#### Data for analysis
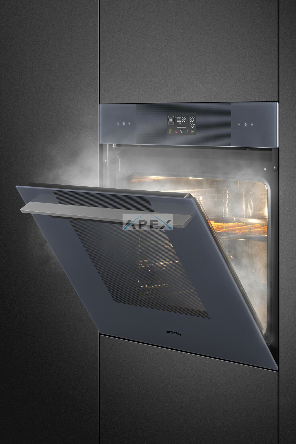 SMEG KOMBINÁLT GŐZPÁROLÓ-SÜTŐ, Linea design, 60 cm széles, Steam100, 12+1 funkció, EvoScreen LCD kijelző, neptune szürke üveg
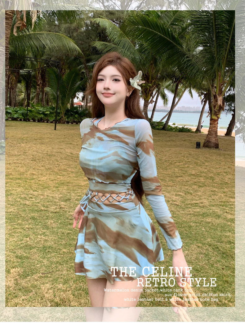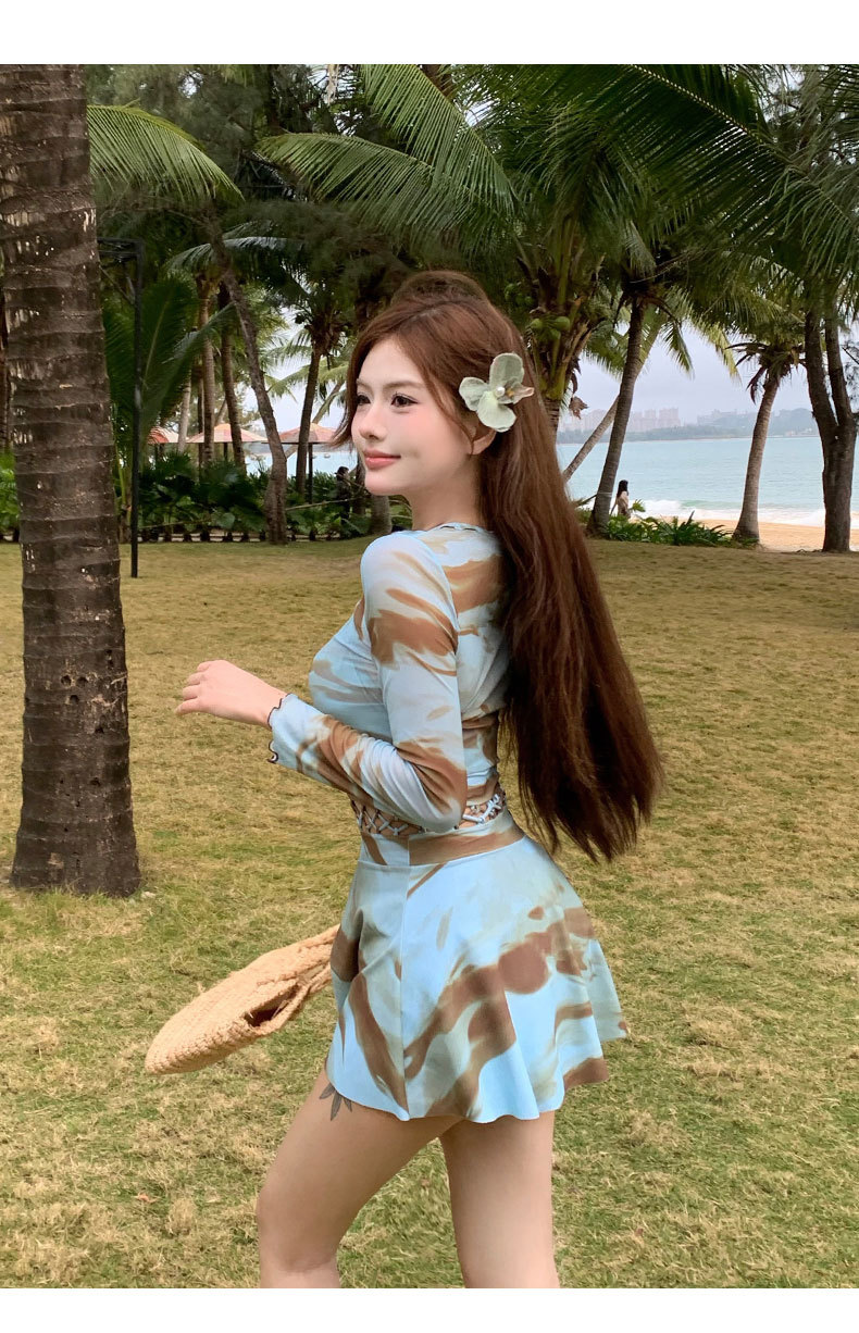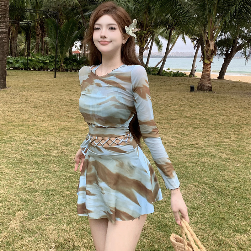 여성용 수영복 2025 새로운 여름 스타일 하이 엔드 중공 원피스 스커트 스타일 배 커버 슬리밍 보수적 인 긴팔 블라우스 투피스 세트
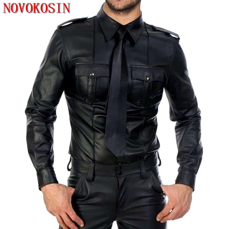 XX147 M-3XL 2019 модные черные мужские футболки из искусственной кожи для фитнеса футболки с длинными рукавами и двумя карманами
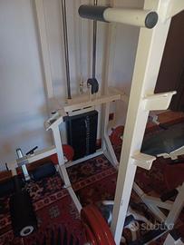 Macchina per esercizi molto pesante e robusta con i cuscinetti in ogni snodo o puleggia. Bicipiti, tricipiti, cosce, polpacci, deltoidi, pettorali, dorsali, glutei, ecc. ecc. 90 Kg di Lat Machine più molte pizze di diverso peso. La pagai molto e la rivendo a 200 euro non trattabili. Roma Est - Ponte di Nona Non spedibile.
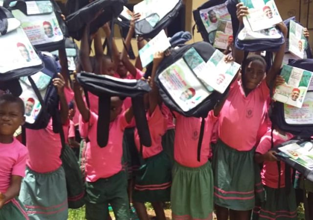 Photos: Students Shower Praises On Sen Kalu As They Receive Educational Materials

...

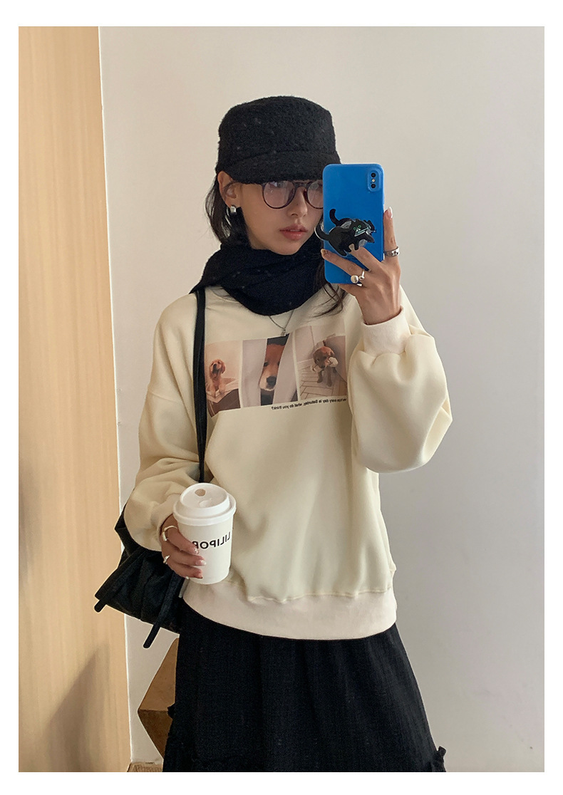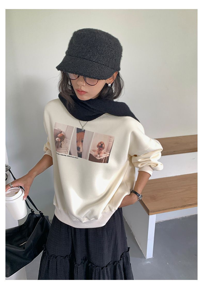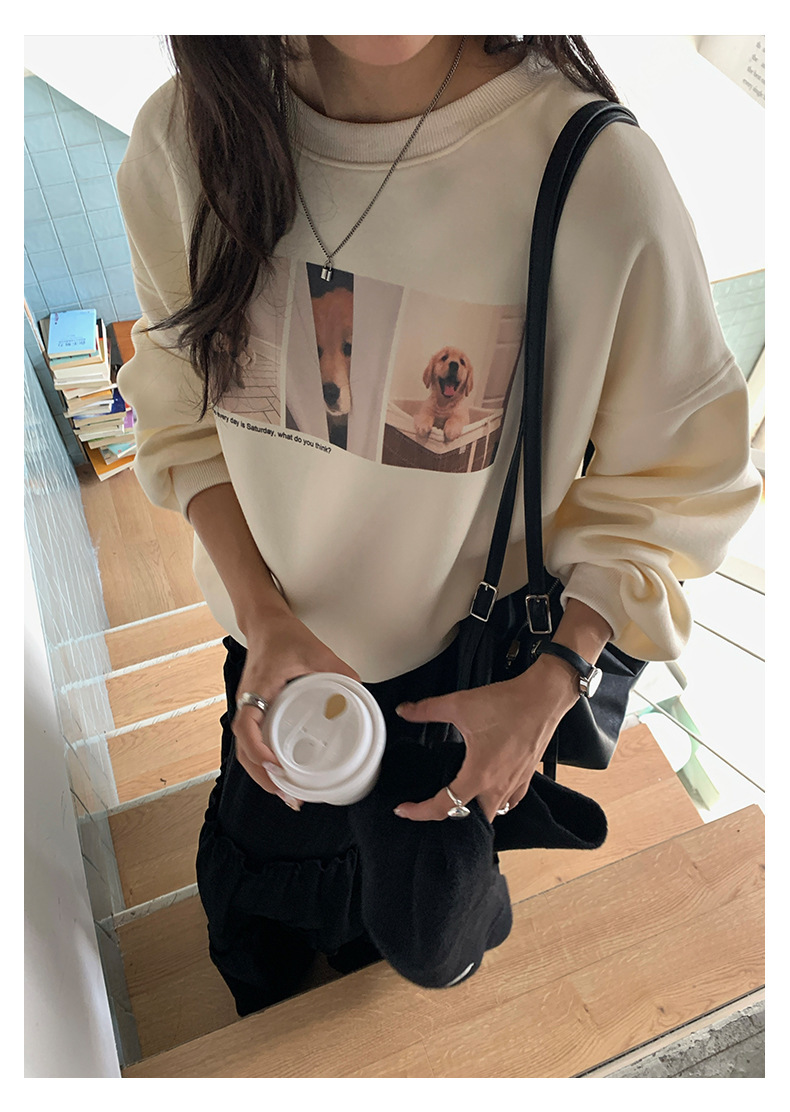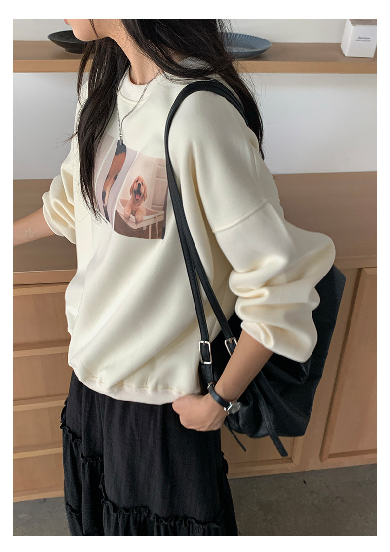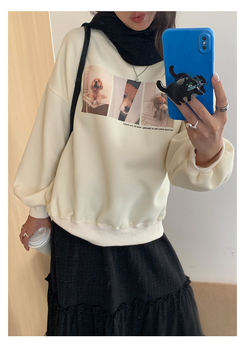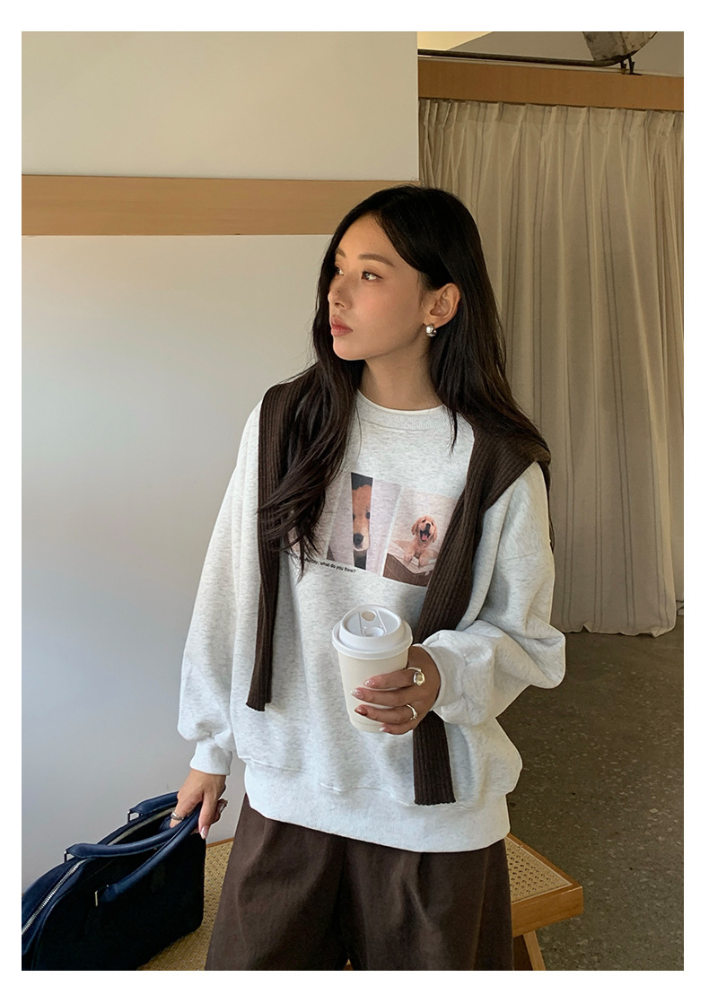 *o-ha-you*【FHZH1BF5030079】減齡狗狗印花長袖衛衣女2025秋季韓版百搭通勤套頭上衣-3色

#### How to complete this task
Find the line with "SMEG KOMBINÁLT GŐZPÁROLÓ-SÜTŐ, Linea" in the entries above. Set down exactly every line from it up to and including the line with "여성용 수영복 2025", images excluded.

#### Completed task
 SMEG KOMBINÁLT GŐZPÁROLÓ-SÜTŐ, Linea design, 60 cm széles, Steam100, 12+1 funkció, EvoScreen LCD kijelző, neptune szürke üveg
 여성용 수영복 2025 새로운 여름 스타일 하이 엔드 중공 원피스 스커트 스타일 배 커버 슬리밍 보수적 인 긴팔 블라우스 투피스 세트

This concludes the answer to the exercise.